In the data below, find the line containing "炸河豚。外皮酥脆,里面的野生河豚肉十分有弹性,完爆奈良那一盘几十条街。"; transcribe it and each line after it exactly, through the last, skipping pictures.

══ Information provided ══

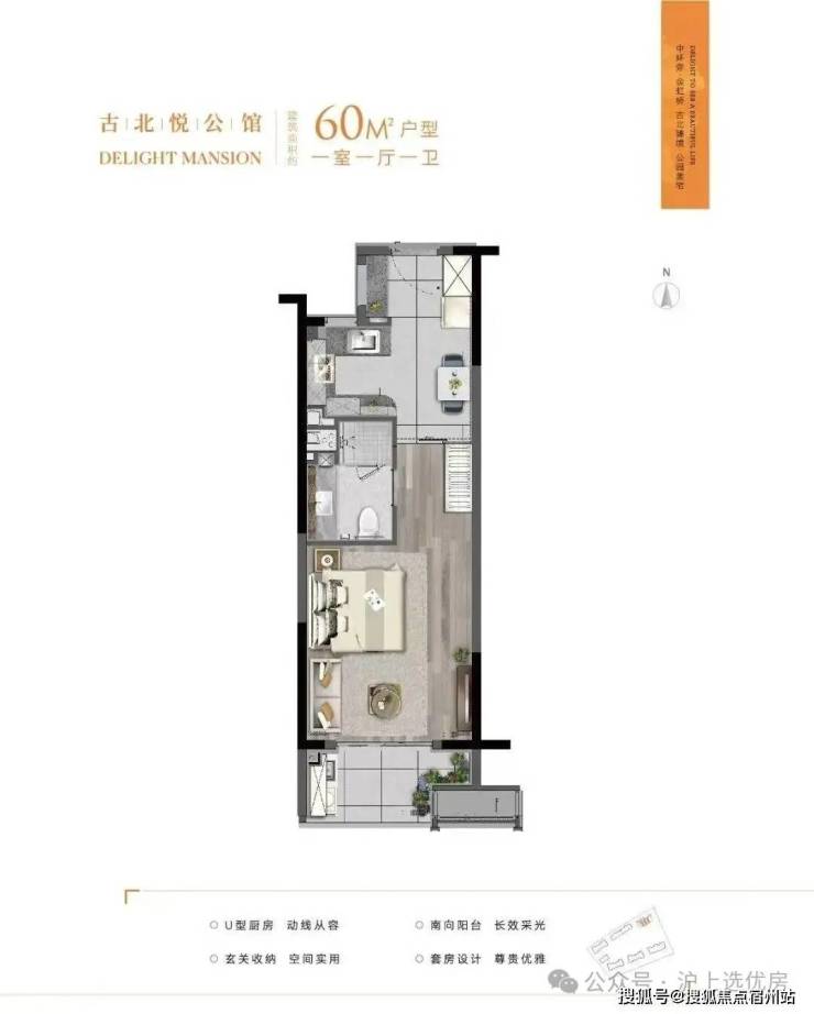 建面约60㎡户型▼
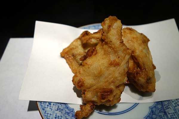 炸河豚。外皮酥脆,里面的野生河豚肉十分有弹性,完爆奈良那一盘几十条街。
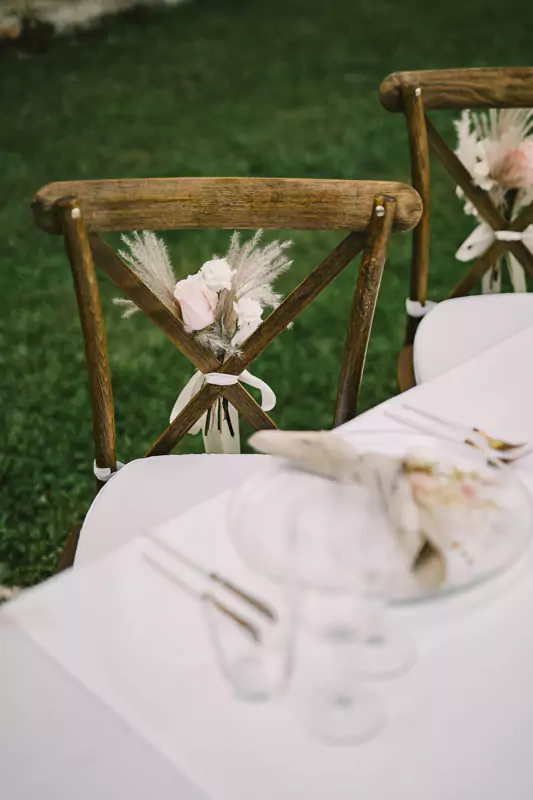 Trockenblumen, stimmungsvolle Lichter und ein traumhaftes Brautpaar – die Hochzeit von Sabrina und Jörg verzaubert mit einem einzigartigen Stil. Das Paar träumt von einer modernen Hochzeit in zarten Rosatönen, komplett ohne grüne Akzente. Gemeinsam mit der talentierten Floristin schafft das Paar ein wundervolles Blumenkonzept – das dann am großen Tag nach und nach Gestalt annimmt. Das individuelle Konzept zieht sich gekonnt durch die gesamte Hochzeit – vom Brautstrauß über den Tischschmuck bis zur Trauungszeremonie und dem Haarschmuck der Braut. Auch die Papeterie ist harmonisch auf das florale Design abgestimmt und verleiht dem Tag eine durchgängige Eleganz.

═══

> _Solution to this exercise_:
 炸河豚。外皮酥脆,里面的野生河豚肉十分有弹性,完爆奈良那一盘几十条街。
 Trockenblumen, stimmungsvolle Lichter und ein traumhaftes Brautpaar – die Hochzeit von Sabrina und Jörg verzaubert mit einem einzigartigen Stil. Das Paar träumt von einer modernen Hochzeit in zarten Rosatönen, komplett ohne grüne Akzente. Gemeinsam mit der talentierten Floristin schafft das Paar ein wundervolles Blumenkonzept – das dann am großen Tag nach und nach Gestalt annimmt. Das individuelle Konzept zieht sich gekonnt durch die gesamte Hochzeit – vom Brautstrauß über den Tischschmuck bis zur Trauungszeremonie und dem Haarschmuck der Braut. Auch die Papeterie ist harmonisch auf das florale Design abgestimmt und verleiht dem Tag eine durchgängige Eleganz.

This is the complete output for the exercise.